What if a practitioner or authorized delegate discloses or knowingly uses information from SCRIPTS improperly?
A person who knowingly discloses or uses prescription monitoring information in violation of this article is guilty of a felony and, upon conviction, must be fined not more than ten thousand dollars or imprisoned not more than ten years, or both. Additionally, a practitioner who knowingly discloses prescription monitoring information in violation of this article shall be reported to his respective board for disciplinary action.
What will happen if I fail to review a patient’s history in SCRIPTS?
Pursuant to 44-53-1680(E), “A practitioner or authorized delegate of a practitioner who knowingly fails to review a patient’s controlled substance prescription history, as maintained in the prescription monitoring program, or a practitioner who knowingly fails to consult with his authorized delegate regarding a patient’s controlled substance prescription history before issuing a prescription for a Schedule II controlled substance, as required by this article, must be reported to his respective board for disciplinary action.” Investigative and disciplinary actions undertaken by both DHEC and LLR’s professional and occupational licensing boards are complaint-driven.
Do I have civil liability exposure if I fail to review information in SCRIPTS?
Pursuant to 44-53-1680(F), “A pharmacist or practitioner does not have a duty and must not be held liable in damages to any person in any civil or derivative criminal or administrative action for injury, death, or loss to person or property on the basis that the pharmacist or practitioner did or did not seek or obtain information from the prescription monitoring program. A pharmacist or practitioner acting in good faith is immune from any civil, criminal, or administrative liability that might otherwise be incurred or imposed for requesting or receiving information from the prescription monitoring program.
New Continuing Education Requirements for Physician Assistants
For Physician Assistants with controlled substance prescriptive authority, Section 40‑47‑965(B)(3) requires:
“every two years, the physician assistant shall provide documentation of four continuing education hours related to approved procedures of prescribing and monitoring controlled substances listed in Schedules II, III, and IV of the schedules provided for in Sections 44‑53‑210, 44‑53‑230, and 44‑53‑250;”
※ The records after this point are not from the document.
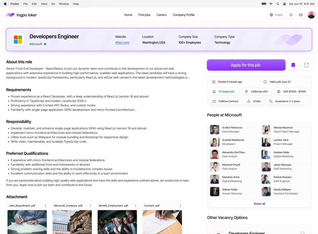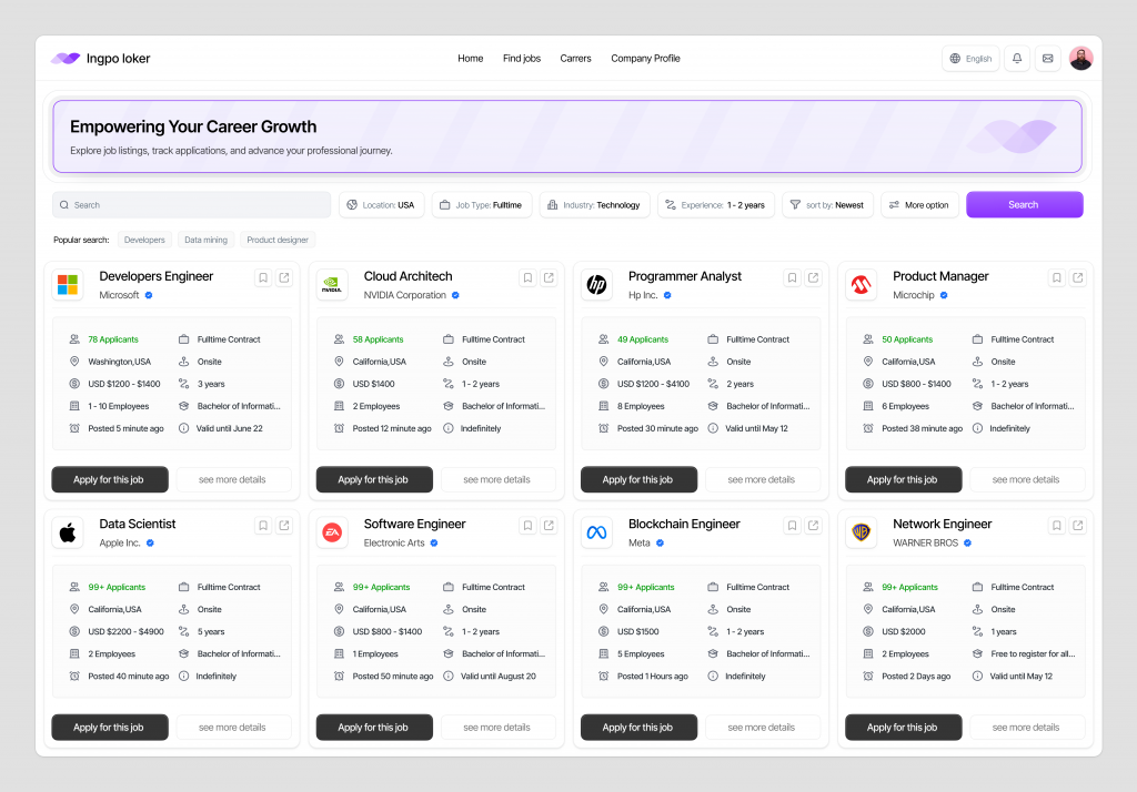 The Company Profile Dashboard in Ingpo Loker offers a detailed view of potential employers, equipping job seekers with the information they need to make thoughtful career decisions. From company culture to growth opportunities, this dashboard provides a complete picture of what itโs like to work at the company.
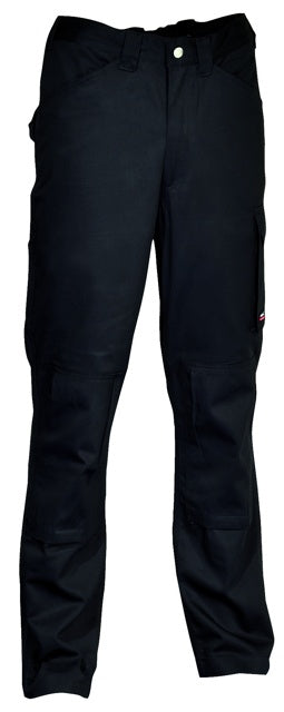 BESCHREIBUNG: 1 Gesäßtasche mit Klettverschluss, breite Vordertaschen, Hammerschlaufe, justierbarer Bund, Seitentasche, verstellbare Einfügung der Kniepolsterung, Zollstocktasche
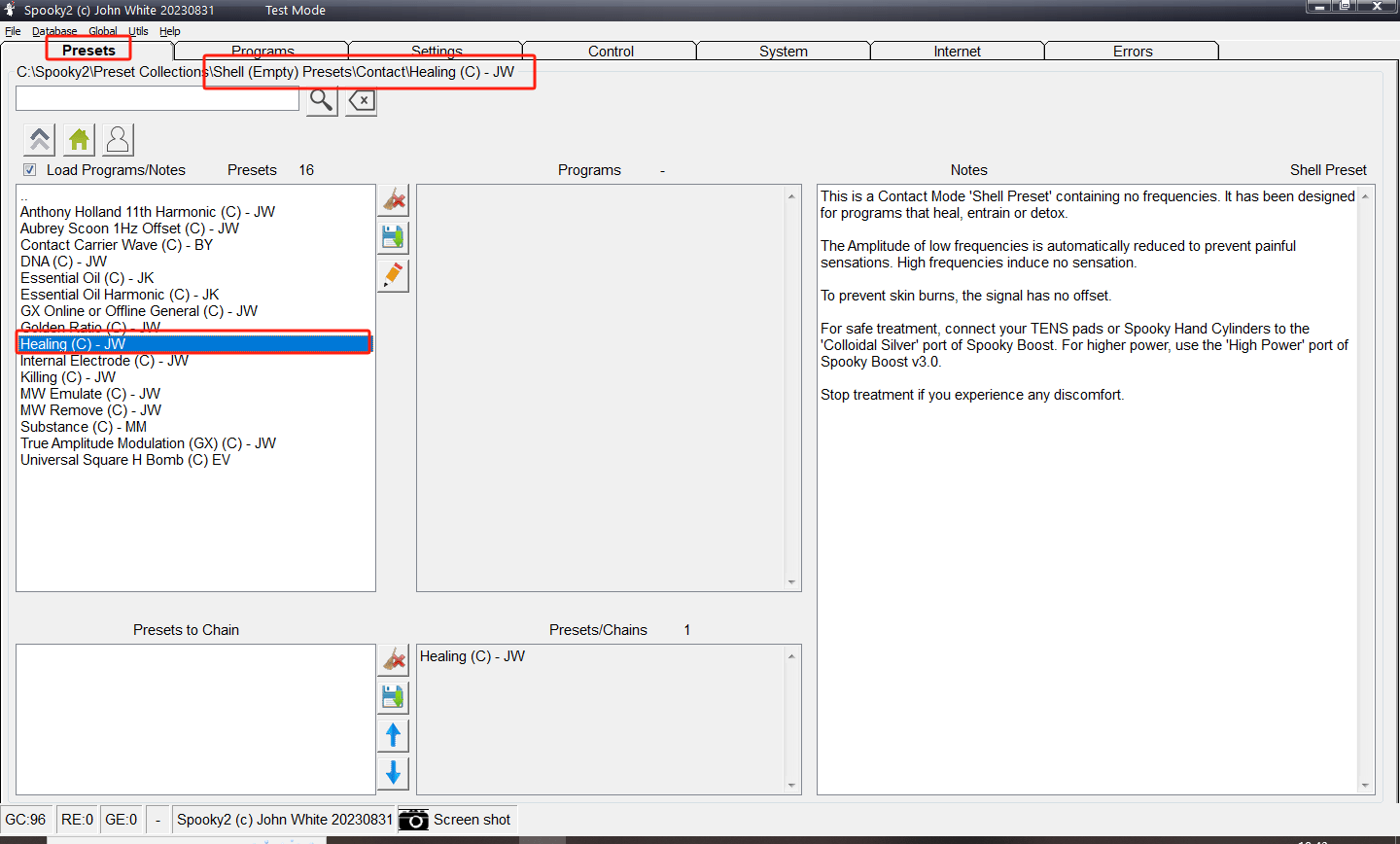 Step 2: Go to the Preset tab, and choose Shell (Empty) Presets > Contact > Healing (C) – JW.

This new CME requirement will be reflected on the 2017-2019 renewal notice, set to go out October 1, 2017, for the December 31, 2017 deadline, and the renewal application.
Pharmacist’s Authority to Dispense an Emergency Refill
Section 40‑43‑86 (P) provides:
“If a pharmacist receives a request for a prescription refill and the pharmacist is unable to obtain refill authorization from the prescriber, the pharmacist may dispense, once within a twelve‑month period, an emergency refill of up to a ten‑day supply of the prescribed medication if:
(1) The prescription is not for a controlled substance;
(2) The medication is essential to the maintenance of life or to the continuation of therapy;
(3) In the pharmacist’s professional judgment, continuing the therapy for up to ten days will produce no undesirable health consequences or cause physical or mental discomfort;
(4) The pharmacist properly records the dispensing; and
(5) The dispensing pharmacist notifies the prescriber of the refill and the amount of the refill, not to exceed a ten‑day supply, within a reasonable time, but no later than ten days after the once in twelve months refill dispensing.”